Using the Enhanced Voice Recorder in a model railway

Since publication of the Enhanced 45-Second Voice Recorder in the December 2007 issue of SILICON CHIP, we’ve had requests for more information on using the recorder module in a model railway layout. Presumably this is for providing station announcements, loco whistle sounds etc, whenever a train passes over reed switch sensors placed under the track in various places.

This circuit (Fig.1) shows how this can be done. The basic idea is to connect the reed switch sensors (as shown in the diagram on page 70 of the December 2007 issue), so that each one pulls one of the module’s MSG-bar lines down to ground, whenever the magnet on a train loco passes overhead. It’s a good idea to connect a 4.7μF tantalum or electrolytic capacitor across each reed switch as well, to ensure that even if the loco magnet passes over the switch very briefly, the module input line is still effectively pulled down to logic low (0V) for long enough to trigger message playback.

This works because even a brief reed switch closure discharges the capacitor across it but when the switch opens the capacitor must recharge (through the 22kΩ pull-up resistor inside the module) before the voltage across that input rises to logic high level again. So the effective logic low/switch closure time is extended long enough to ensure reliable message triggering.

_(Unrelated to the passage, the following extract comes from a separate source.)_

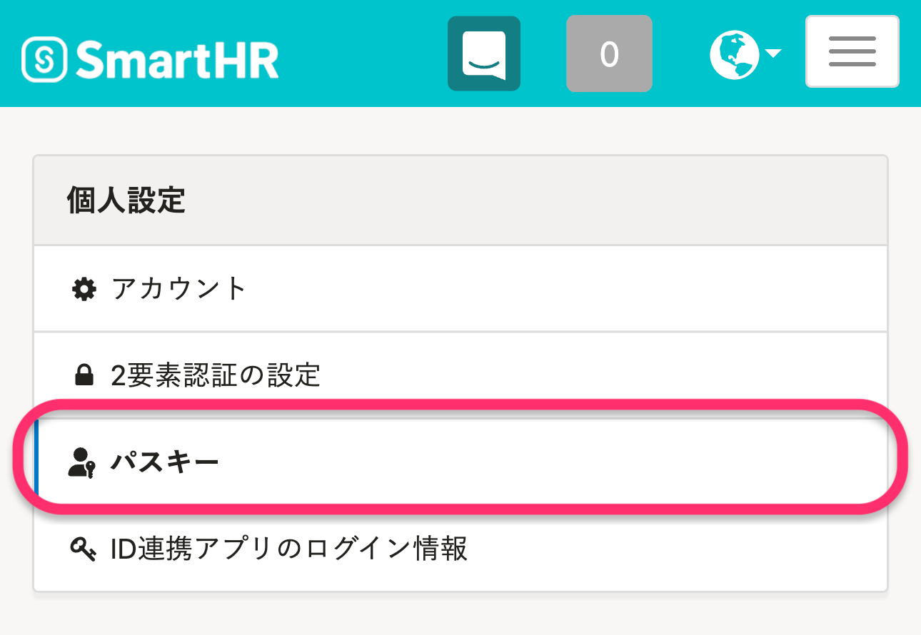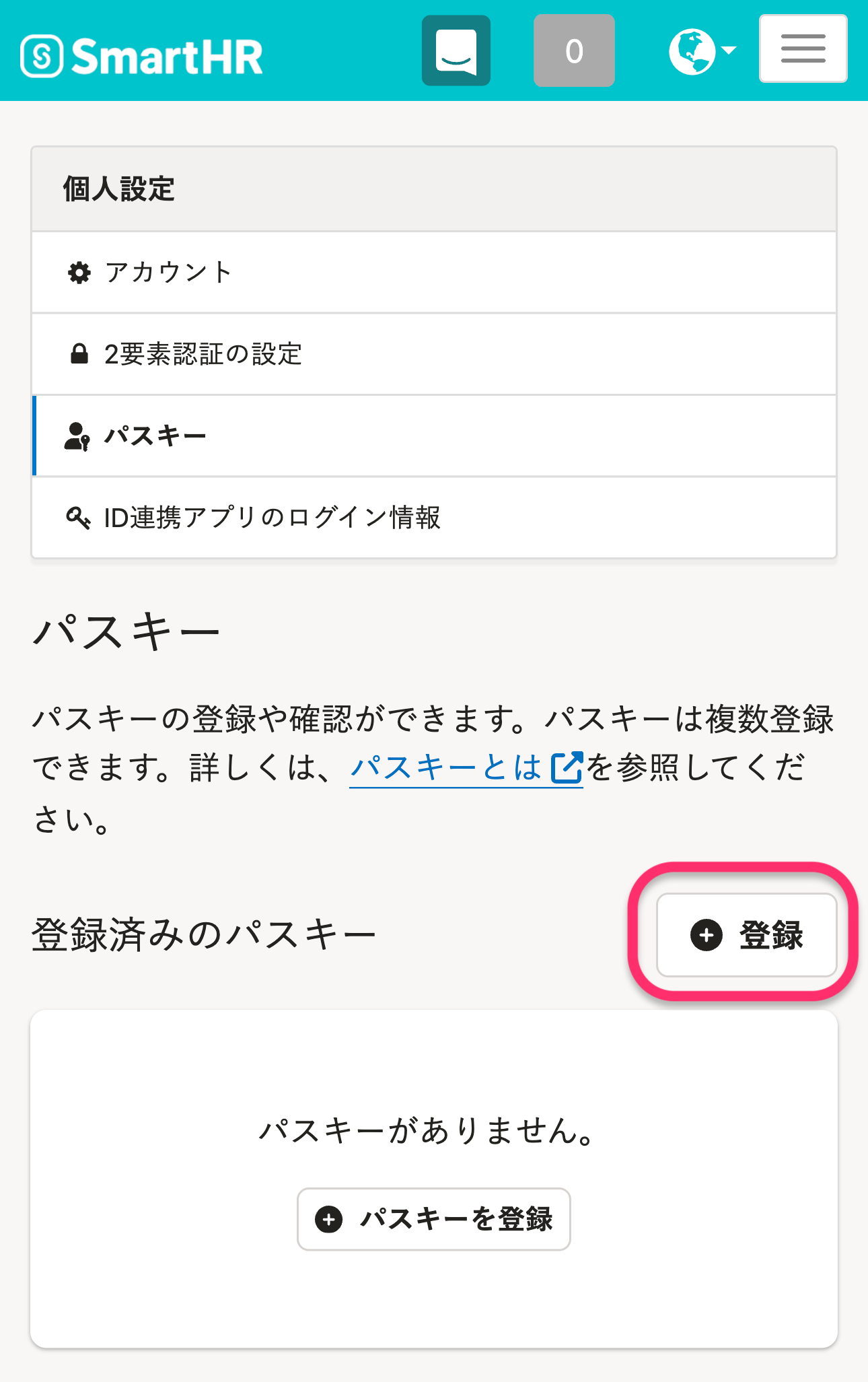 SmartHRにログインする際、パスキーを利用するには、個人設定からパスキーを登録します。
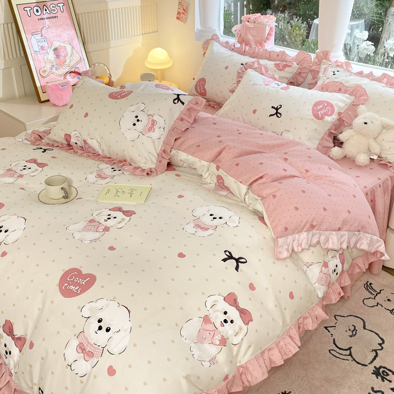 小清新純綿四点セットins裸寝綿シーツ布団カバー水洗い綿ベッド笠金親肌寝具

The rest of this new circuit is provided to show you how the replayed announcements or sounds from the recorder module (fed through a small audio amplifier) can be switched automatically to any of eight different speakers, using the same reed switch closures. This should give greater realism, because the sounds concerned will emanate from the specific location of the train rather than from a single centralised speaker.

The way the circuit works is by using eight D-type flipflops (in IC4 & IC5) to store the status of all eight message trigger lines, whenever any one of the trigger lines is pulled low by a closure of its reed switch. The storage is produced by a positive-going edge produced by 8-input gate IC3, used here as a negative input logic OR gate. Eight of the inverters in IC1 and IC2 are used to invert the message trigger line levels, so only the line which has been pulled low will be stored as a ‘1’ (the rest, being high, will be stored as a ‘0’).

The eight outputs from the storage flipflops inside IC4 & IC5 are connected to eight relay driver circuits using transistors Q1-Q8. As a result, the relay (RLY1 - RLY8) corresponding to the message line which was pulled down by its reed switch will be energised, switching the output of the audio amplifier through to that particular speaker.

For example, if reed switch 8 was closed, a ‘1’ will be stored in flipflop 5 of IC4 and O5 (pin 15) of IC4 will go high, causing Q8 to be turned on and energising RLY8 to switch the audio through to speaker 8.

Whichever speaker is turned on to replay the sound at that location also needs to be turned off again, when the replayed sound or message ends. This automatic turn-off is achieved by the simple circuitry involving diode D1 and inverter IC1f, which senses the BUSY-bar logic signal available from pin 10 of the HK828 recorder chip inside the recorder module. This logic signal goes low during playback (or recording) of any of the messages and returns high only when the message ends.

The ‘return to high’ edge of the signal is differentiated by a 100nF capacitor and 100kΩ resistor and clipped by diode D1 at the input of IC1f, to produce a brief positive-going pulse. IC1f inverts this pulse to produce a brief active-low reset pulse for both IC4 & IC5. As a result, all the storage flipflops are reset at the end of any message playback, turning off all relays at the same time.

The relays used in this circuit are not critical but should be capable of operating from 12V with a coil current of no more than about 30-40mA. The low cost SY-4066 relays sold by Jaycar would be quite suitable.